Two days after His Majesty the Emperor Hirohito had dedicated a casket in Tokyo's Westminster Abbey, Yasukuni Shrine, to the memory of 531 soldiers killed in Manchuria and China since the beginning of the present troubles,* he sat down to celebrate his 32nd birthday with a large and elaborate luncheon. At 2 p. m., just when the sake bowls were succeeding the raw fish salad, the sound of dozens of clattering wooden geta disturbed the palace guards. Newsboys in checked kimonos were rushing bundles of extras to the kiosks with news of a great Japanese tragedy at Shanghai.

That morning in Shanghai 10,000 Japanese troops celebrated the Emperor's birthday with a grand military review in Hongkew Park.

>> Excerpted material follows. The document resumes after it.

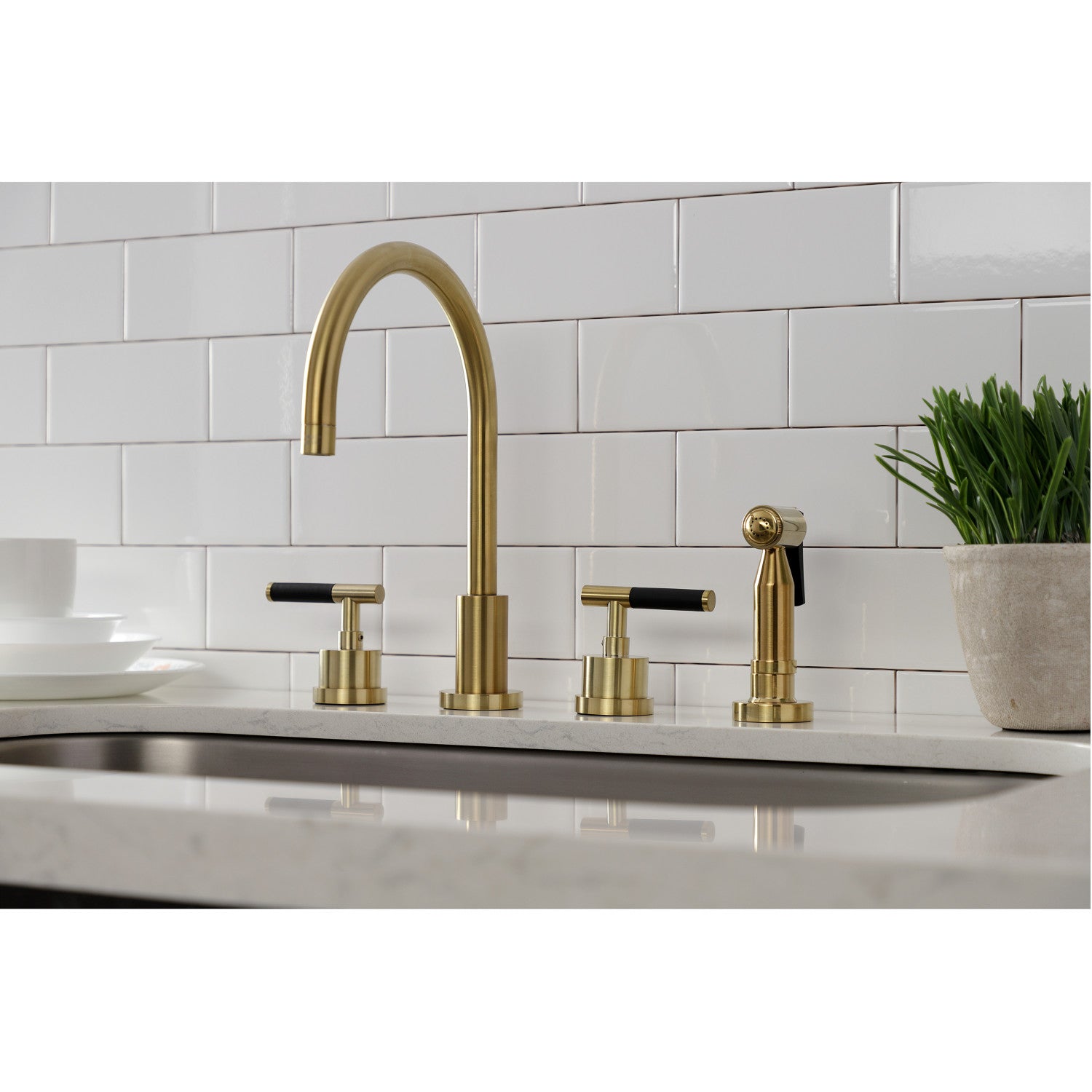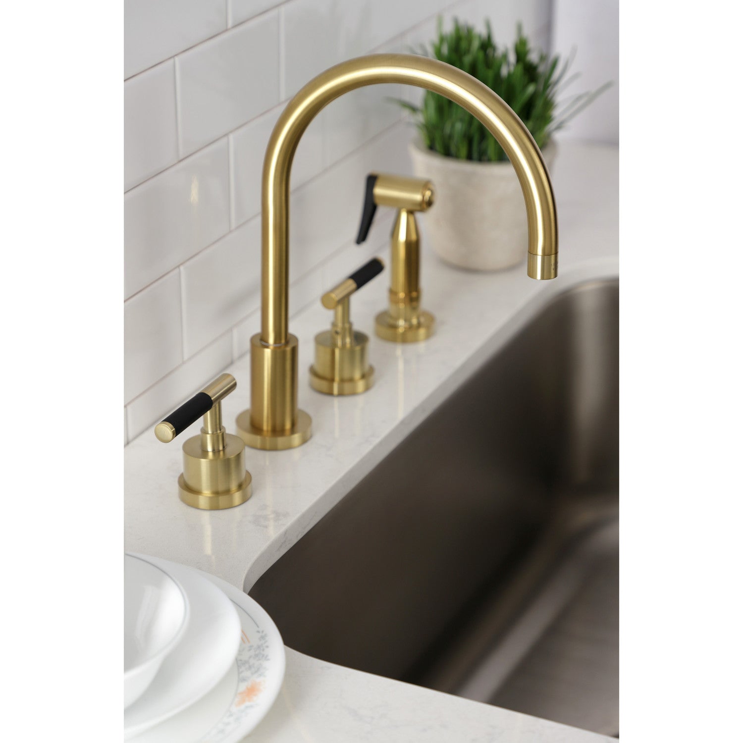 Kaiser KS8727CKLBS Widespread Kitchen Faucet with Brass Sprayer, Brushed Brass

U. S. Consul General Edwin S. Cunningham, oldest, most experienced of Shanghai diplomats, warned Japanese authorities that such a celebration would be dangerous, but nobody paid attention. In massed squares battalion after battalion of Japanese infantry goose-stepped across the parade ground, each with its fluttering sunburst guidon. In the front of the reviewing stand were many of the highest officers in the Japanese Army & Navy: Vice Admiral Kichisaburo Nomura, Commander of the Shanghai fleet; General Yoshinori Shirakawa, Commander-in-Chief of the Army in Shanghai; Maj.-General Kenkichi Uyeda; Consul General Kuramatsu Murai; Minister to China Mamoru Shigemitsu. Behind them loomed the big foreign military attaches of Britain, France, Italy, the U. S. These white officials left the stand as soon as the review was over. The crowd pressed round to listen to speeches.

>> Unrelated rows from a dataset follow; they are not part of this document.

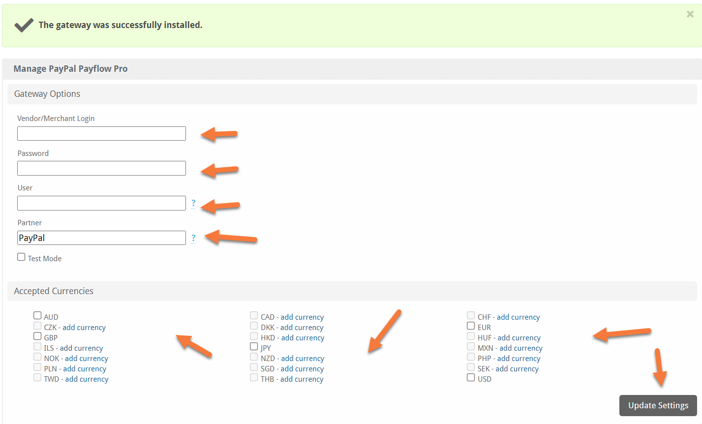 You will be returned to the list of Payment Gateways where you will see the PayPal Payflow Pro module listed.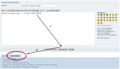 Primero escribes un texto..... y le das a "VISTA PREVIA" ... te aparecerán en la parte inferior dos pestañas, OPCIONES y SUBIR ADJUNTO...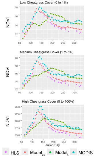 Time series of Harmonized Landsat-8 Sentinel-2 (HLS), predicted, and eMODIS Normalized Difference Vegetation Index (NDVI × 100) separated by percentage cheatgrass cover [22]. ModelLS was generated using both Landsat-8 and Sentinel-2A inputs, while ModelL was generated using only Landsat-8 inputs. Each time series was from all pixels (excluding masked areas in the original HLS time series) and smoothed using a three-week sliding window approach. Timesteps where HLS data coverage was less than 70% are not shown.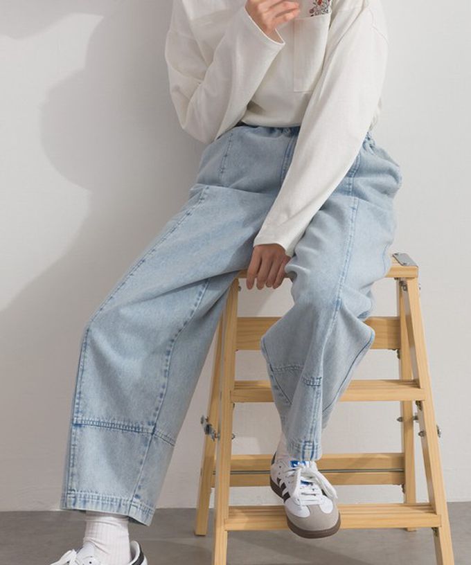 • 品名:復古刷色感寬鬆丹寧繭型褲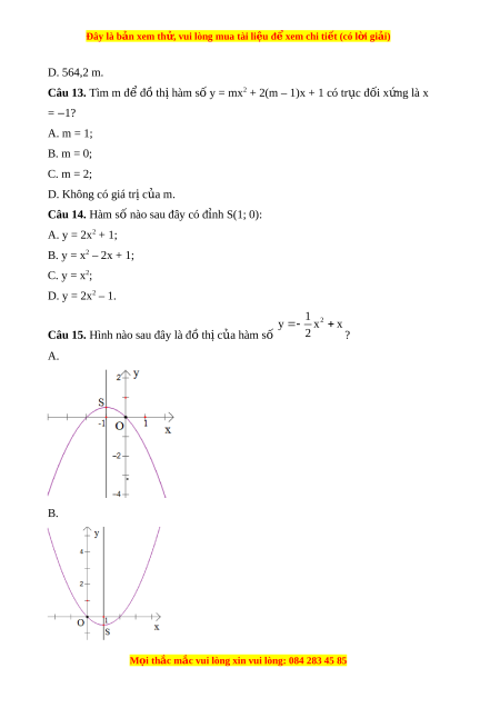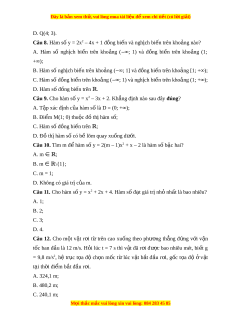 Đây là bản xem th , vu ử i lòng mua tài li u ệ đ xe ể m chi ti t (c ế ó l i ờ gi i ả ) D. 564,2 m. Câu 13. Tìm m đ đ ể t ồ h hàm ị s y = m ố x2 + 2(m – 1)x + 1 có tr c ụ đ i ố x ng l ứ à x = 1? ‒ A. m = 1; B. m = 0; C. m = 2; D. Không có giá tr c ị a m ủ .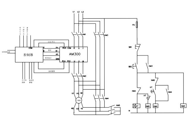 其中KM1、KM3為工變頻切換接觸器,控制器選用普勒特,變頻器選用安邦信AM300系列。變頻器與控制器的鏈接:R485通訊,開關量控制變頻器啟停,模擬信號控制變頻器速度,變頻器故障信號反饋等。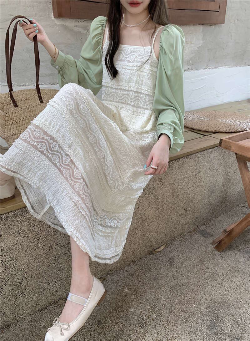 2023夏INS新作★カジュアル フランス風 気質 レトロ シンプル デザイン性抜群 ブラウス+ワンピース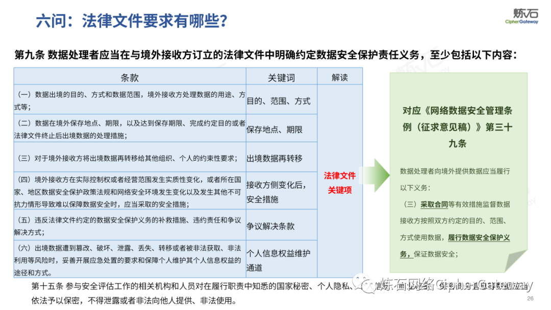 第九条 数据处理者应当在与境外接收方订立的合同充分法律文件中明确约定数据安全保护责任义务,应当至少包括但不限于以下内容:

A Korean on the edge of the crowd threw a narrow tin box high in the air. In an ear-splitting roar, the grandstand flew apart like a mechanical toy. Minister Shigemitsu was blown into the air like a jack-in-the-box, his feet flung wide. Consul General Mural's face was unrecognizable with blood and torn flesh. Admiral Nomura's eye was blown out, General Shirakawa lost all his teeth. General Uyeda lost three toes. Kim Fung-kee, the Korean bomb-thrower, was beaten unconscious by Japanese soldiers. One W. S. Hibbard, a U. S. citizen, protested the detention of two Chinese photographers, was rushed to a police station as a suspect and questioned for hours.

Bravest that day were a group of little flat-faced Japanese nurses. Before the echo of the explosion died down they fought their way through the terrified crowd to the wreck of the reviewing stand, ripped the uniforms of the injured officers into strips to make bandages, saved Minister Shigemitsu's life with tourniquets on both thighs.

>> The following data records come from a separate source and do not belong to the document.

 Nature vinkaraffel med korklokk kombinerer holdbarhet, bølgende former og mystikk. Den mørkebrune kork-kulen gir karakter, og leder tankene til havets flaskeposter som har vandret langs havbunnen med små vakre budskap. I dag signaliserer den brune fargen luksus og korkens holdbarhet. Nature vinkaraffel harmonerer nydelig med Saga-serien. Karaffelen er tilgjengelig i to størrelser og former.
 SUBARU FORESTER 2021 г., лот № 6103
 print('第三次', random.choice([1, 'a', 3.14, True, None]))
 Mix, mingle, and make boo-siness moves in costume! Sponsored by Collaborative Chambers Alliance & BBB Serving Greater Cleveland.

*Last week's ceremony was the first of its kind since 1906 when Emperor Hirohito's grandfather honored the victims of the Russo-Japanese War. The Tokyo War Office is still anxious to keep the full casualty list of the Shanghai gesture from the public; only those who died before Feb. 10 were honored. Another ceremony for several hundred more must soon take place.